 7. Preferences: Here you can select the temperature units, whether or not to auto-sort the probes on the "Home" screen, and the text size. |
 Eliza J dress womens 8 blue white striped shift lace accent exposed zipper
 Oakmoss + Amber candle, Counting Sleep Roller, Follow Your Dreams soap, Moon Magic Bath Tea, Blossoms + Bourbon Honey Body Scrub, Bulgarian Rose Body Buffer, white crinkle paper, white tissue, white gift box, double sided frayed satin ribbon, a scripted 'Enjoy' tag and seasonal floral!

----------

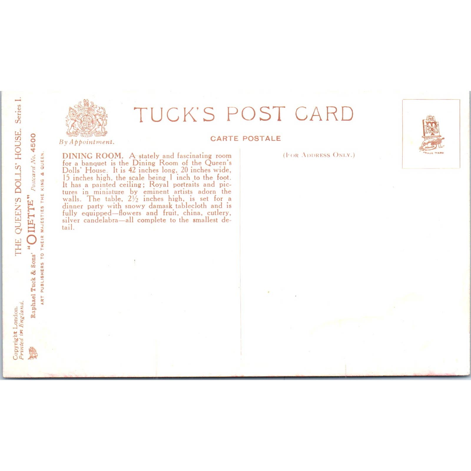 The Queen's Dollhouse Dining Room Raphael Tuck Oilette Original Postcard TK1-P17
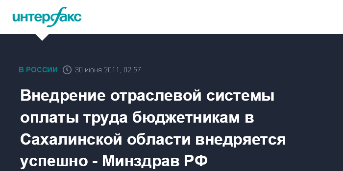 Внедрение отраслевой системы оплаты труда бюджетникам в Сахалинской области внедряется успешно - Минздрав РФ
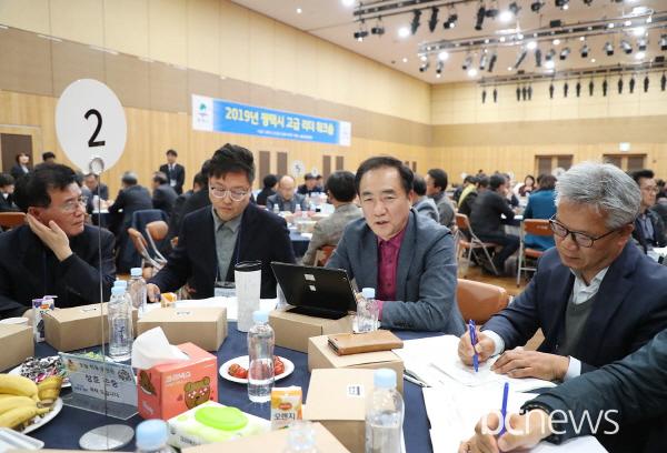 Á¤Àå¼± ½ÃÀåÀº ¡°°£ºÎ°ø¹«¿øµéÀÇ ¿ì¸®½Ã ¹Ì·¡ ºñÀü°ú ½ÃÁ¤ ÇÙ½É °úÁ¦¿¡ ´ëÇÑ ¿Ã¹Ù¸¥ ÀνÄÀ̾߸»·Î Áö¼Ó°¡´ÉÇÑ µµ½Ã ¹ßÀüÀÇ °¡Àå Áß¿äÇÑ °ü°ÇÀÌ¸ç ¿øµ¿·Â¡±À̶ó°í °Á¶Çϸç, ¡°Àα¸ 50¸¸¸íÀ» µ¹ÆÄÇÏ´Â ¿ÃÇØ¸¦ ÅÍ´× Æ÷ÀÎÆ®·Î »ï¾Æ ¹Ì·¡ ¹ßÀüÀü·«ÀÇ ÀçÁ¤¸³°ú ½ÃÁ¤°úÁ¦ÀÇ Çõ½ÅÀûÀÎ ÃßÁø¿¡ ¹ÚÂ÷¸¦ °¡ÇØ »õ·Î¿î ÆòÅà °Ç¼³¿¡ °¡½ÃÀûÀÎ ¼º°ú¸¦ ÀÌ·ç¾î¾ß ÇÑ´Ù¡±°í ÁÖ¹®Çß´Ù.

----------

- _Your assignment_:
Which lines in the data above contain "white"? Show each one.

- _Solution to the exercise_:
 Eliza J dress womens 8 blue white striped shift lace accent exposed zipper
 Oakmoss + Amber candle, Counting Sleep Roller, Follow Your Dreams soap, Moon Magic Bath Tea, Blossoms + Bourbon Honey Body Scrub, Bulgarian Rose Body Buffer, white crinkle paper, white tissue, white gift box, double sided frayed satin ribbon, a scripted 'Enjoy' tag and seasonal floral!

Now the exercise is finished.